Стражы от неожиданности и инстинкта отпустили руки мелкого физика, и тот ловко юркнул вновь в середину зала и опять выкрикнул свою глупость: «Свободу физике!» Поднялся во весь свой представительский рост Архимандрит Гаврилл из Президиума и, указуя на ученишку, громово возвестил:
– Сказано в Писании. Расслабленному, прощаю тебе грехи твои. И встанешь ты, возьмешь постель свою и пойдешь сейчас в дом твой. Или казенный. Сказано: за всякое праздное слово, что скажут люди, дадут они ответ в день суда.
– По отдельной статье, – добавил Иванов-Петров.
Видя такой оборот, пожарный и военком опять взялись подбираться к изучателю пустоты, метясь схватить под локти. Но тот предусмотрительно поднял руки и возвестил отскочившим воякам и другим:
– Сказано в Писании. Будьте мудры, как змеи, и просты, как голуби. И посылаю вас как овец среди волков. Свободу!
«Свободу Триклятову!» – робко кто-то поддержал из зала похожим на дамский голосом. Иерарх покраснел лицом, воздел тоже руки, опустил очи долу, то есть на крикуна-физика:
– Сказано в Писании. Мы играли вам на свирели, а вы не плясали, мы вам пели печальные песни, а вы не рыдали. Не здоровые имеют нужду во враче, а больные. Лучше, если б повесили ему мельничный жернов на шею и потопили во глубине морской. Если глаз твой соблазняет тебя, вырви его и брось от себя!
– Дай я вырву! – вскричал депутат, отчаянно и нетерпеливо ожидая окончания пустых разговоров.
Опять нерешительно воинские служки стали подбираться к крикуну, примериваясь к пучащимся его глазам.
– А сказано в Писании, – задорно выкрутился мелкая физическая единица. – Есть скопцы, которые сделали себя скопцами ради Царствия Небесного. Фарисеи, вы слепые вожди слепых. И Отец великий поступит с вами так, если не простит каждый из вас от сердца своему брату согрешения его. Свобода Триклятову!
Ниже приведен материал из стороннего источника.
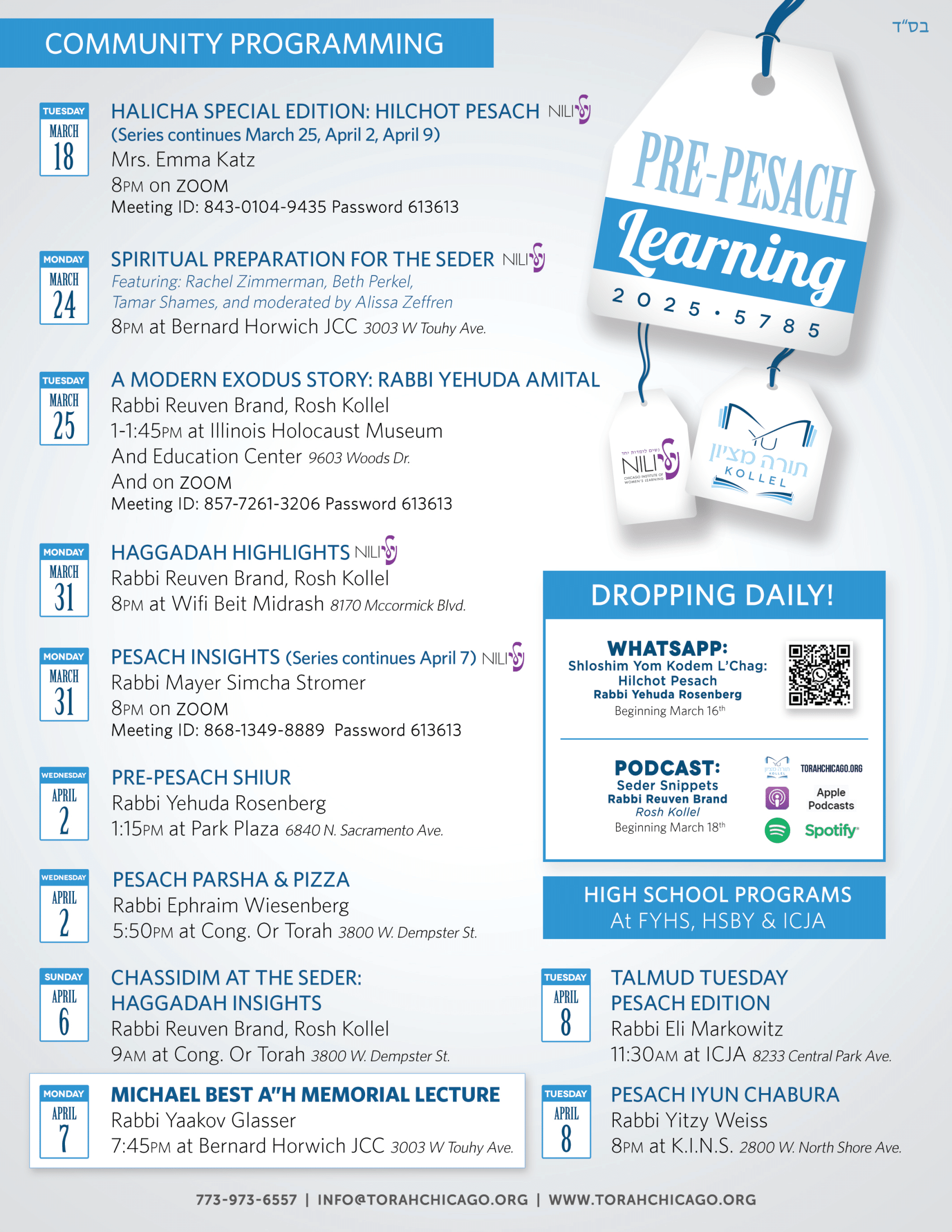We look forward to learning together as we prepare for a meaningful and enriching Pesach!
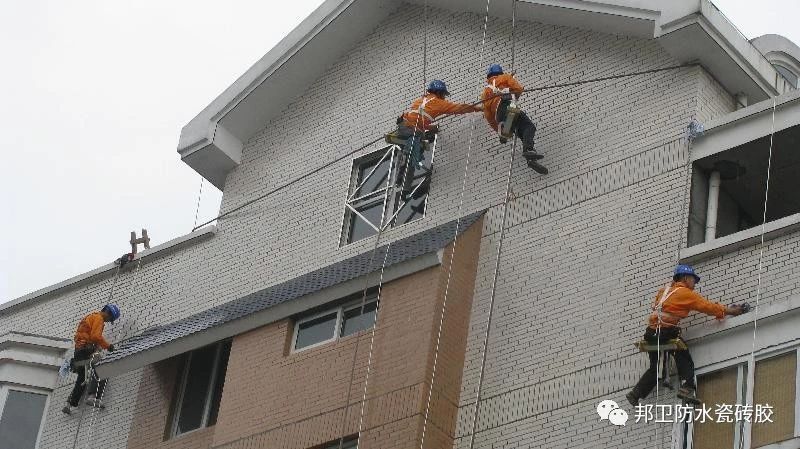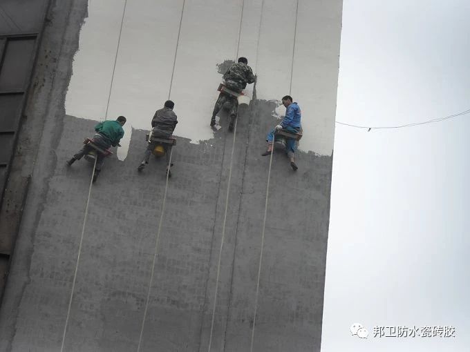 7)外墻防水工程嚴(yán)禁在雨天、雪天、5級及以上風(fēng)速下施工;施工的環(huán)境溫度宜為5~35℃,施工時(shí)應(yīng)采取安全防護(hù)措施。

Впрочем, Гаврилла чрезвычайно увлекла открывшаяся богословская дискуссия:
– Сказано… – жестко заявил он. – Кто возвышает себя над Отцом святым… даже в статьях, не то что в мыслях… тот унижен будет, а кто унижает себя, тот возвысится. Горе вам, книжники, оставили важнейшее в Законе: суд и веру! Ибо сказано: и восстанут лжехристы и лжепророки и дадут великие знамения и чудеса, чтобы прельстить…
– Мы им врежем по чудесам, только высунуться, – протрактовал сказанное Иванов. – И по сусам.
Но маленький научный трактователь пустоты не сдался:
– Сказано в Писании. И опрокинул Иисус скамьи продающих голубей в храме. Свобода голубю Триклятову! Сказано: благословляйте проклинающих вас. Блаженны алчущие и жаждущие правды, ибо они насытятся. Блаженны изгоняемые за правду. Не давайте святыни псам.
– Чего ж это делается? – изумленно спросил Иванов-Петров у Антона Антоновича. – Чистая антисоветская пропаганда. – Тот развел руками.
Однако не смирился и иерарх и, вдохнув в голос бархата, сообщил:
– Сказано. Царствие небесное подобно неводу, закинутому в море и захватывающему рыб всякого рода. И этих рыб, – указал он на крикуна, – сев, хорошее собрали в сосуды, а худое – худое! – выбросили вон. Так и с вами, недруги, при кончине века.
Но возразил, тихо смирившись и опустив руки, маленький физик:
– Сказано… Враг, посеявший плевелы, есть дьявол. Возврати меч свой в его место. Всякий грех и хула простятся человекам. Я умолкаю. Ибо сказано в Писании: все, что ни попросите с верою в молитве, – получите.
Тут из разных рядов тихонько стали раздаваться смутные призывы и ропот, который, возможно, и сами ропщущие не желали, чтоб был услышан:
«И правда, что к Триклятову привязались… хороший был человек, я с ним часто в столовой обедал… да и этот Миша его – простой паренек и добрая душа… как в Писании сказано…»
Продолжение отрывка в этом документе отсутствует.